We had to cancel our weekly Monday meeting due to illnesses but we have at least made some small progress we can write about.
The radio dongle code has been updated to flash either of the two LED’s when sending data or in case of bad transmission.
On our latest prototypes we discovered that the radio transmission went pretty bad on some copters as soon as the motors where turned on. This was not a nice discovery at this time of our project and we had not really seen it before. This kind of problem could require a big re-design of the PCB! After some debugging it turned out to be the PWM switching of the motors causing ripple on the digital supply voltage. It wasn’t that much, about 60mV peak-to-peak but enough to throw the radio off balance. After some tries with different decoupling techniques to get rid of the ripple, which showed only minor improvement, we increased the motor PWM frequency from 17kHz to 280kHz. That made the ripple go away, now about 10mV peak-to-peak, and so did the radio transmission problems, yeay!
Great progress!
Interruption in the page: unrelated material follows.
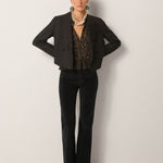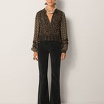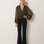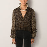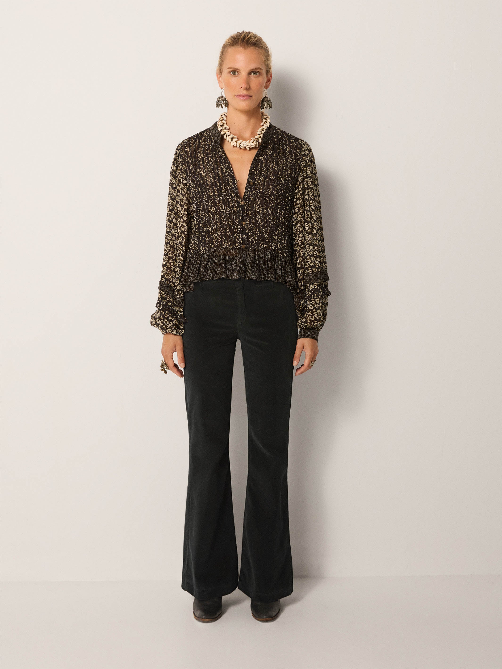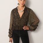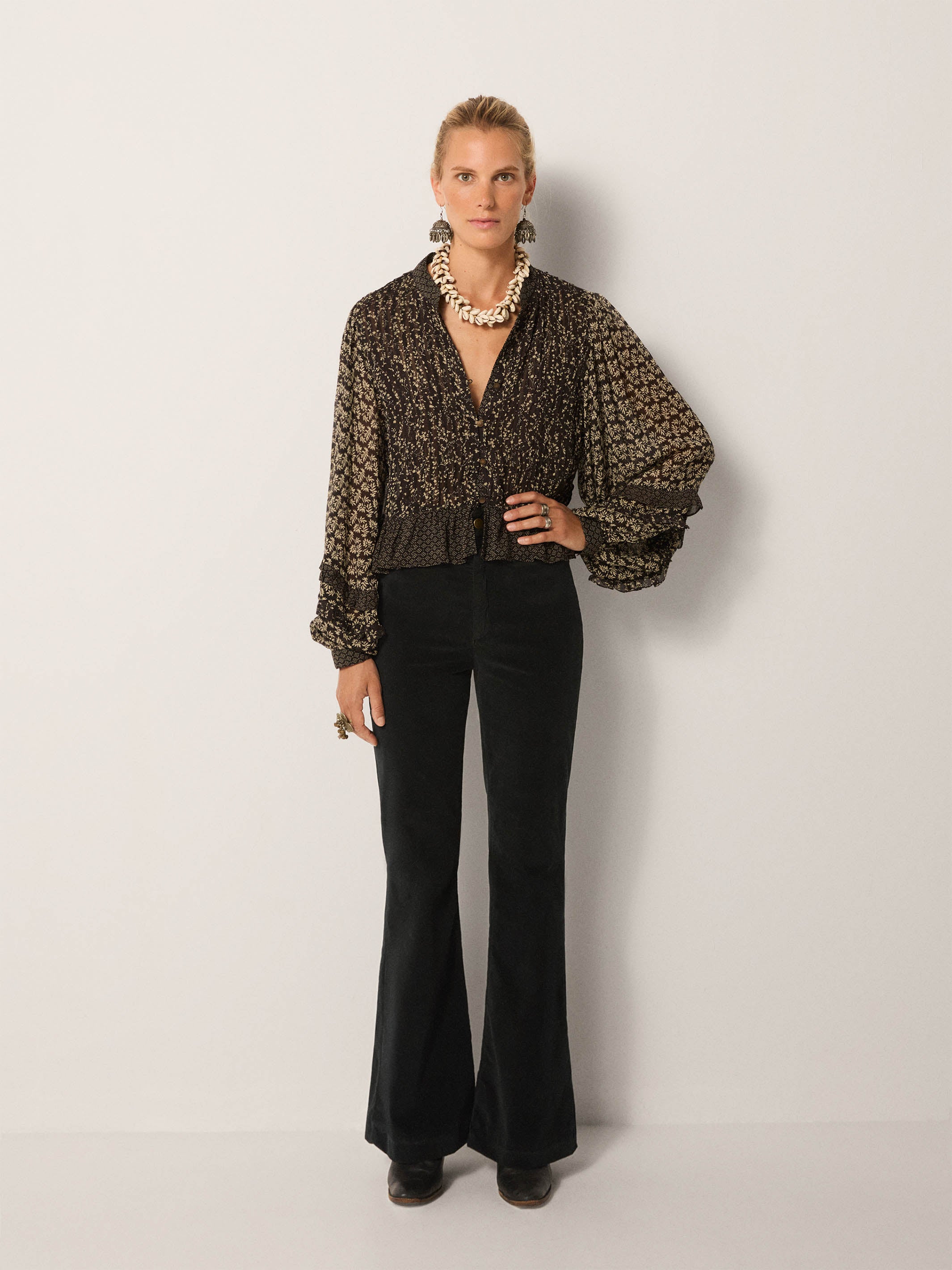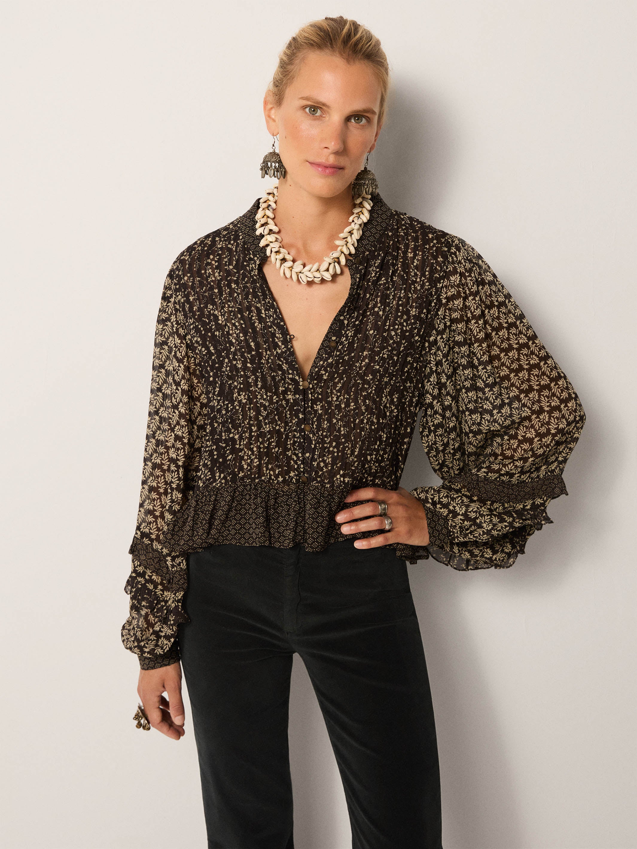 Designed with long sleeves finished in loose ruffles, and an additional ruffle panels along the hem that create rhythm as you move. Slight cropped, the neckline can be worn open thanks to its button closure allowing versatility in its mood.

Keep up the good work!
Will the increase in frequency decrease the battery life?
The increase in freqency should not show any notisable difference in battery life. The switching losses in the transistors will increase but the coreless motors are actually a bit more efficient at a higher frequency. We will have to do a test to find out, which we will do eventually.
So whats the forecast on when these are going to be available?
Our goal is to make it available during the first half of 2012.
oh, does it currently work also with Xbox 360 controller?
At some point in time we had it working with both the Xbox 360 and the PS3 controller but dropped support for the Xbox 360 since it was messy with our old implementation (and we all had PS3 controllers). Now that we have restructured the PC application a bit we are planning to (in some form) put in support for other devices. We use pyGame for reading the input device so basically what’s needed is to remap the axis for the controller.
How about a rough number?
If it is possible to go to 280kHz why did you choose 17kHz before? Isn’t a higher PWM freqency always creating a cleaner sine for the motor, or where you afraid of other EMC affects?
The trick is that, to avoid noise on the analog sensor measurement, we where synchronising the analog sensors acquisition with the PWM (the STM32 permits to synchronise timer together and the ADC acquisition was launched some time after the PWM edge). So the PWM had to be slow enough for the ADC to do the acquisition when the power supply was stable.
So part of the discovery is also that this advanced acquisition scheme is not required anymore.
hey all, i am interested in knowing the specifications of the motor you have used.
They are brushed coreless 6x15mm motors.